There was a time when I thought that motherhood was not for me, that more than anything I want to travel around the world without anyone or anything stopping me from doing what I want. But when I got married and had my first child, there was no joy comparable to what I felt that time. However, it is not always rainbows and unicorns for me.
There was a phase of my child’s life that I experienced so much stress, when they would not stop crying in the middle of the night and you have done everything to quiet them down. There was also a certain time when I panicked since the baby was sick for a long time that when I rushed to the hospital, I thought that it was already too late.
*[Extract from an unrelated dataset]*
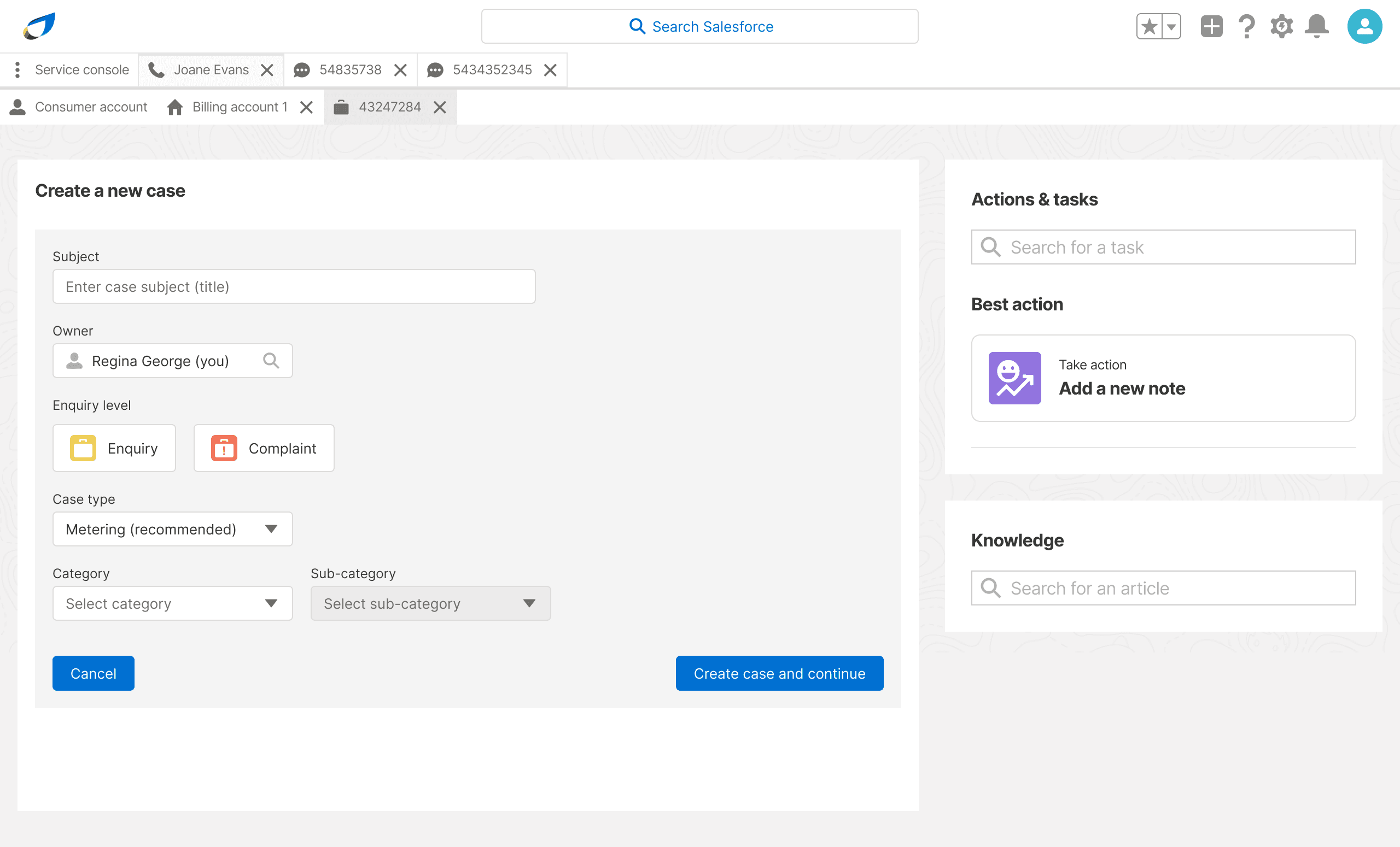 Design the optimal approach to diagnosing and handling metering issues in Salesforce, centred around an agent diagnosing an issue with a customer’s meter and requesting the customer submit a meter reading.

Not only does stress affect our lives with them but babies are very precious, fragile, and vulnerable little creatures. You have to be very careful when feeding them, do the food contain the right nutritional value or is it okay to try a new type of milk for the baby or if the toy is safe for them to play with.
There were times that I found myself so exhausted that I wanted to have a one day break and watch a Blake Shelton concert. One day, the heavens granted me with that one wish in the form of my husband who understood all my struggles and wanted me to take a break for a day with my girlfriends. And so I went online and clicked the little button that said check here to book our tickets, we went to the spa and salon for a makeover, enjoyed the concert extremely, went to a coffee shop afterwards to just relax and talk, and then slept peacefully for eight hours.
It was indeed an oasis for me, but I realized that even if I needed that one day vacation I still missed taking care of my baby. I would want another break in a couple of months but not soon though. Taking care of my baby is still my number one priority and joy giver.